GIVEN INFORMATION:
----

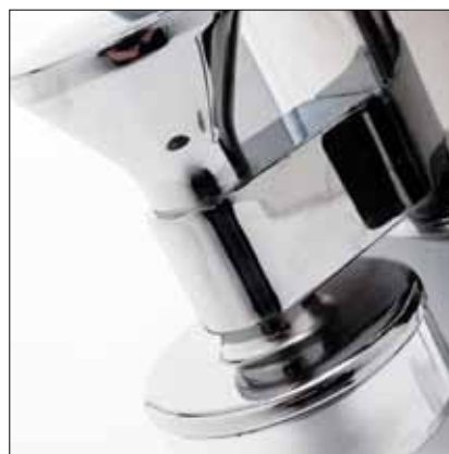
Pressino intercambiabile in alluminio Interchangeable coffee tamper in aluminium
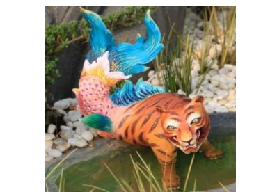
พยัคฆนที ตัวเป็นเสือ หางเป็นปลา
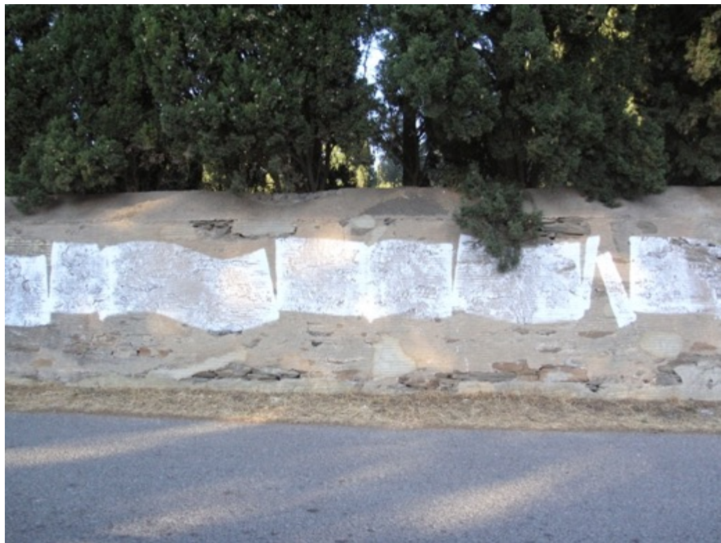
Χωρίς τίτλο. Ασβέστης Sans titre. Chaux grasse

----

Return the material above verbatim. Pictures are to be excluded.

Pressino intercambiabile in alluminio Interchangeable coffee tamper in aluminium
พยัคฆนที ตัวเป็นเสือ หางเป็นปลา
Χωρίς τίτλο. Ασβέστης Sans titre. Chaux grasse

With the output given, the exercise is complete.